Taxation of cannabis businesses in the US: the do’s and don’ts

While a number of US states have legalized marijuana and cannabis based products for medical and/or recreational use, the US federal tax rules take a harsh perspective on the deductibility of certain expenses associated with the cannabis businesses.

A number of cases ruled on in late 2018 have provided additional guidance.  We will discuss a brief background to the law as well as provide some “do’s” and “don’ts” to make sure that after tax profits of an operator or an investor in a US cannabis business do not go “up in smoke”.

Background

In 1970, the Controlled Substances Act (“CSA”) was signed into law by President Nixon[1].  Marijuana, or cannabis, was listed as a Schedule I Substance which had the “highest potential for abuse and no accredited medical use.[2]

In 1982, the Reagan Administration enacted Section 280E of the Internal Revenue Code in response to a Tax Court case where a drug dealer was allowed to deduct the expenses associated with his illegal activities to mitigate his tax liability[3].

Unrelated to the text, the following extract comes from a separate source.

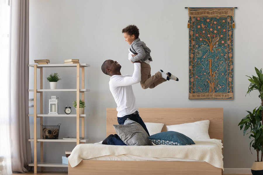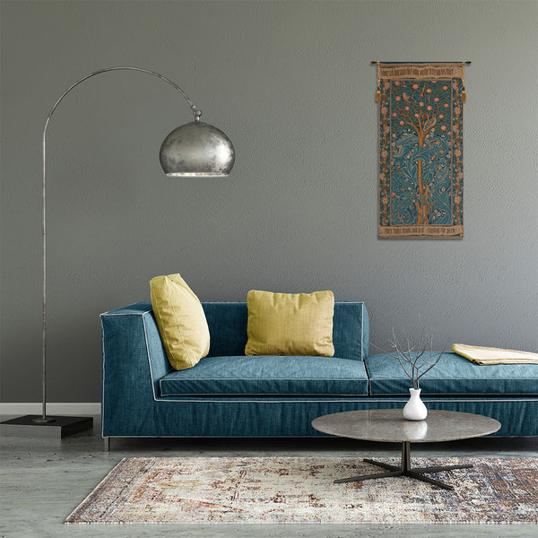 | History: | Woodpecker with Verse was designed in 1885 by William Morris and based on his poem about Picus, the Italian King who was transformed into a woodpecker in Ovid’s Metamorphoses, Book XIV. This classical work was the one of the most read books in the Middle Ages. This stunning decorative fine art French impressionist wall tapestry is also known as The Woodpecker, with parchment. William Morris, the famous English artist, poet, and socialist, has designed many fabrics and tapestries of world renown many of which now reside in the world's most prestigious museums. A marvelous addition to your home décor motif. An ideal piece to add to your home décor collection. |

Section 280E disallowed deductions or credits for amounts paid in the trade or business of trafficking in controlled substances within the meaning of Schedule I and II of the CSA (e.g. cannabis).  Though deductions are generally disallowed, the cost of goods sold may still be deducted.

Regulations have not been issued to specifically delineate deduction guidelines.  Therefore, those engaged in a US cannabis business must rely on the guidance provided in a number of court cases.

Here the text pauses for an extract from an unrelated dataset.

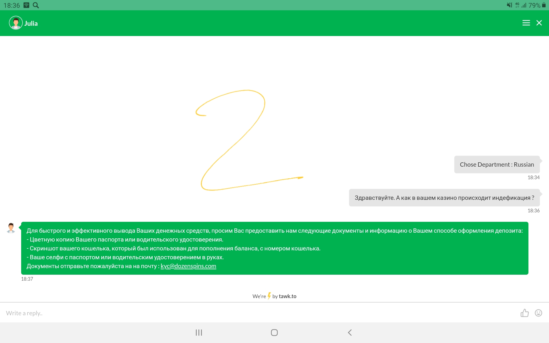 Все документы согласно этому скриншоту были предоставлены немедленно , никаких новых предоставлять не собираюсь. Никаких почтовых адресов ни одному казино не предоставляю вообще Недвижимости не имею и квитанций квартплат как следствие. Селфи на фоне вашего дырявого казино имея единственный планшет сделать вооще не возможно . Разговаривать с фуфел казино культурно пытался первые два дня , наверно зря . Скриншот киви выгруженый на сайт взят изнутри письма отправленно в помойку дозен спин . На нем очень четко виден киви кошелек из которого фуфел казино хавало депозит .

The sale of cannabis in some form has now been legalized in 33 states and the District of Columbia, although it remains illegal under federal law.

The US legal (from a state perspective) cannabis market had reached almost USD $10 billion in retail sales in 2017, the last year which statistics are available.  It is expected that the legal (again, state-wise) market will reach $24.5 billion by 2021[4].

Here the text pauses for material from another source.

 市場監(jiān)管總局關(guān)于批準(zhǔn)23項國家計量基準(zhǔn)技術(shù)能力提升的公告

Tax “Do” and “Don’t” List for a US Cannabis Business

Do: To the extent that other services such as caregiving, legal services, etc. are provided, careful accounting must be done to separate costs associated with the sale of cannabis is segregated from other costs.  In a case where a taxpayer was able to deduct 90% of its expenses, these processes were followed[5].

Don’t: Maintain sloppy or no records.  Also, do not treat the sale of cannabis and other “businesses” as a single trade or business[6].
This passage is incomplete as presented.